Droplet dynamics in internally mixed twin-fluid spray
Advances in Fluid Mechanics X, 2014
Effervescent atomizers are based on the mixing of gas with liquid prior to discharge. We describe the discharge of a two-phase mixture and movement of droplets in a gas jet using simple theoretical models, following with elucidation of droplets dynamics using experimental data for an effervescent spray.

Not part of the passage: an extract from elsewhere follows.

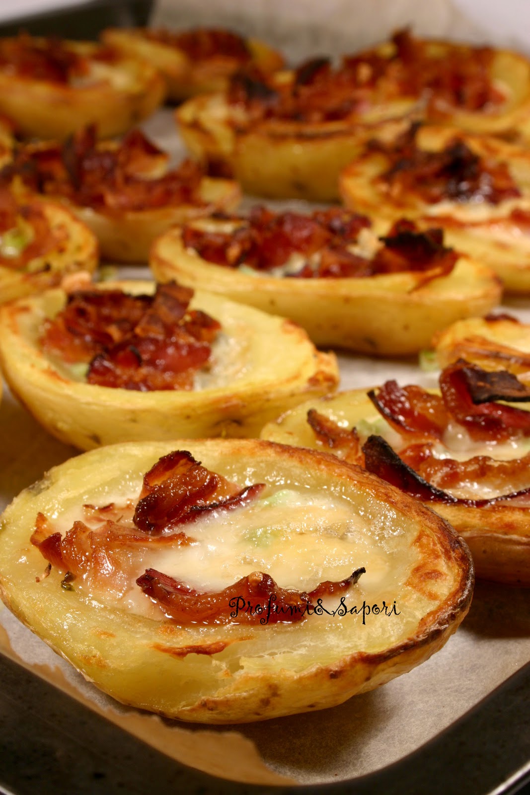 Pelate le patate, lavatele e sbollentatele intere per circa 20 minuti in acqua salata in ebollizione, poi scolatele e tagliatele a metà. Svuotatele deponendo la polpa in una terrina. Amalgamare alla polpa gli altri ingredienti e poi farcire le patate. Collocate le barchette di patate così preparate sopra una teglia di burro e ponetela in forno preriscaldato a 180° per 30 minuti.

Discharge of the liquid-gas mixture from the nozzle is solved using a combination of two discharge models. Depending on operation conditions, 59-64% of the total discharged mass corresponds to the Separated Flow Model and the rest to the Homogeneous Flow Model. Discharge velocity of the liquid is 12-27% of the gas exit velocity. The liquid-gas velocity ratio is negatively correlated with gas-to-liquid mass ratio (GLR) and positively correlated with inlet pressure. Radial profiles of axial droplet velocity, as measured using Phase Doppler anemometry, are axisymmetric bell-shaped with a maximum in the centreline analogous to the profile defined for a simple gas jet which, however, is more flat near the centreline and declines much faster for higher radial positions. Mean velocity in individual spray positions varies with particle size within a range of several m/s typically. This variation is closely related to particle Stokes number, Stk. Variation of mean velocity with operation pressure and GLR can be explained with discharge conditions; higher pressures and GLRs lead to higher discharge velocities that are reflected in the spray downstream. Stokes numbers are generally << 1 for particle sizes D d up to 10 µm so these particles smoothly follow the gas flow. Stk for sizes 10 µm < D d < 50 µm depends on flow regime and position in the spray and can be found typically within 0.1 < Stk < 10. Particles with D d ≥ 100 µm have usually Stk > 10 and very weakly interact with the gas.